By the end of this chapter, you will be able to

  • Reflect on your own writing process and product with particular attention to the role that the body plays

If “cognition” refers to the process of thinking, and to be “meta” is for something to comment on itself, then “meta-cognition” means to think about thinking. Composition scholars have found that metacognition allows students to transfer the skills they have learned in first-year writing into new writing situations beyond the classroom. Crystal VanKooten describes metacognition as students’ meta-awareness about different modes of composition, including not only writing words but also multimodal composition that draws on visuals, sounds, and movements.

To develop metacognition, you need to reflect upon your particular compositional choices and explain how and why those choices are or might be effective or ineffective within a rhetorical context. These reflections can be styled as essays, posted as videos or podcasts, submitted to discussion boards, or included in a cover letter that introduces or contextualizes your project.

In the context of Writing our Bodies, you will reflect in particular on the role of your body and how its postures and interactions with technology shaped the writing process and product.

Process

Consider the multiple phases of work involved in creating your finished product: brainstorming, research, outlining, drafting, receiving feedback, and revision. Some questions to consider can include:

  1. How or why did you pick this topic, approach, or argument?
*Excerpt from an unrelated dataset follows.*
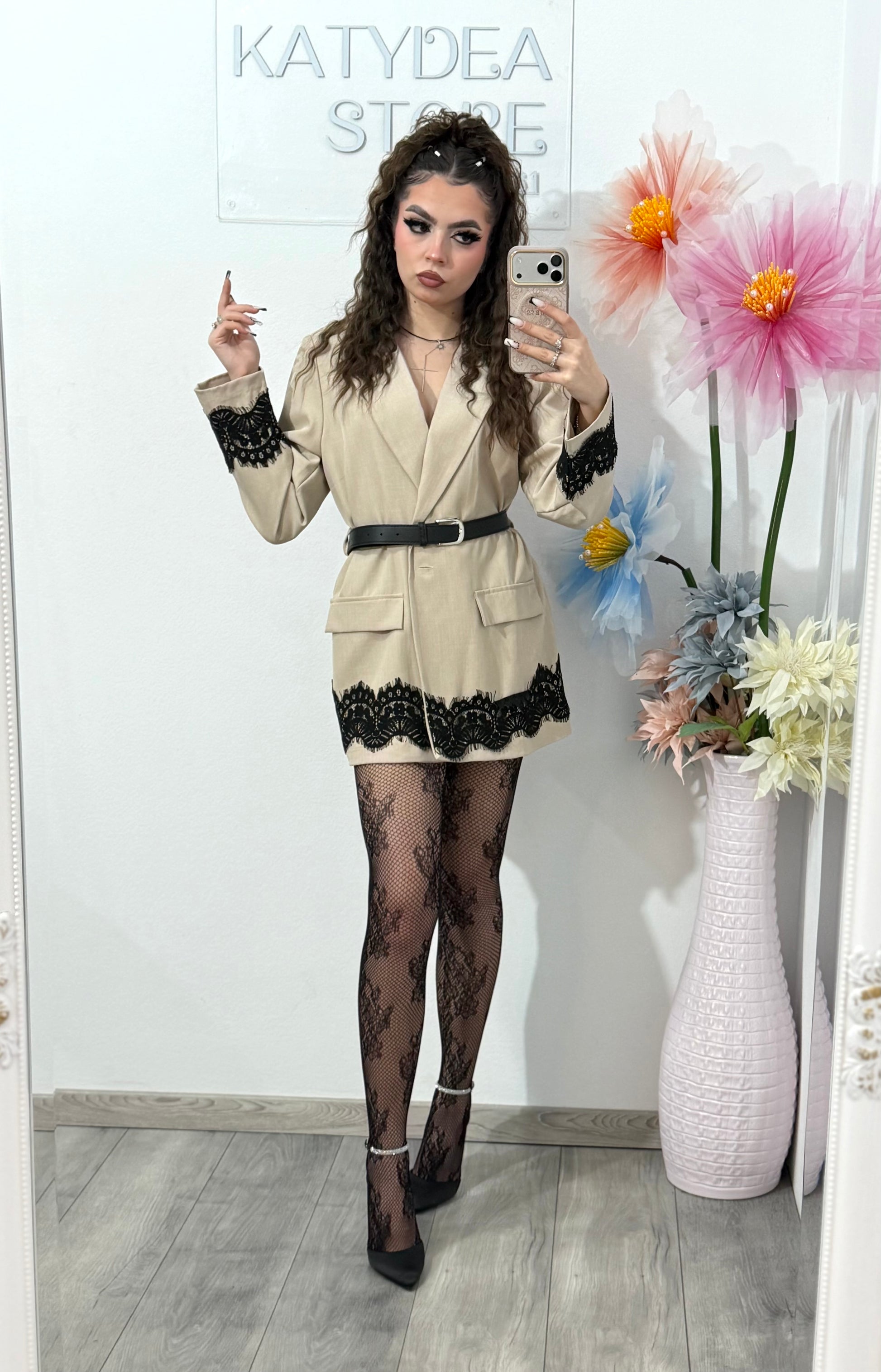 Sacou elegant ,perfect pentru un look feminin și sofisticat. Model cambrat, evidențiat în talie cu o curea subțire, pentru o siluetă bine definită. Designul este completat de inserții din dantelă neagră la manșete și la baza sacoului, oferind un contrast rafinat și un plus de stil.

What feelings did this topic invoke in you? How have your feelings evolved in the course of the project?
  2. What kind of planning did you do for the project? How did those ways of organization (writing in a notebook vs. using a binder vs. setting up folders in Google Drive, for instance) shape the final product?
  3. What challenges occurred along the way? How did you respond to these challenges? What decisions did you face, and how did you make those decisions?
  4. How did comments from your peers and instructor help you? How did you engage with those comments in your revisions?
  5. Which aspects of the writing process felt easy for you? Why?
  6. Which aspects of the writing process felt difficult for you? Why?
  7. What strategies worked best in your writing process?
  8. What types of technology did you use throughout the composition process? In what ways did they facilitate your thinking and writing? In what ways did they interfere with your thinking and writing?
  9. Project forward. What did you learn through this writing project? For your next writing project, how can you use what you’ve learned? Can you transfer this knowledge to other composing situations, in or out of the classroom?

Rhetoric

Analyze the rhetorical situation of your own writing by considering questions of purpose, audience, text, and exigence. Some questions to consider can include:

  1. Exigency: What motivates your text? Why is it needed, and what problems is it trying to resolve? What are its goals?
  2. Author: What kind of lived experiences and/or authority do you have with regard to the subject? How invested are you? How have these values influenced the composition? What identity are you trying to project as the creator of this text?
  3. Audience: Who is your audience? What are their backgrounds, values, and interests? How are they situated in the world? What are their lived realities? In what embodied contexts are they receiving your text? How open are they to you and your composition?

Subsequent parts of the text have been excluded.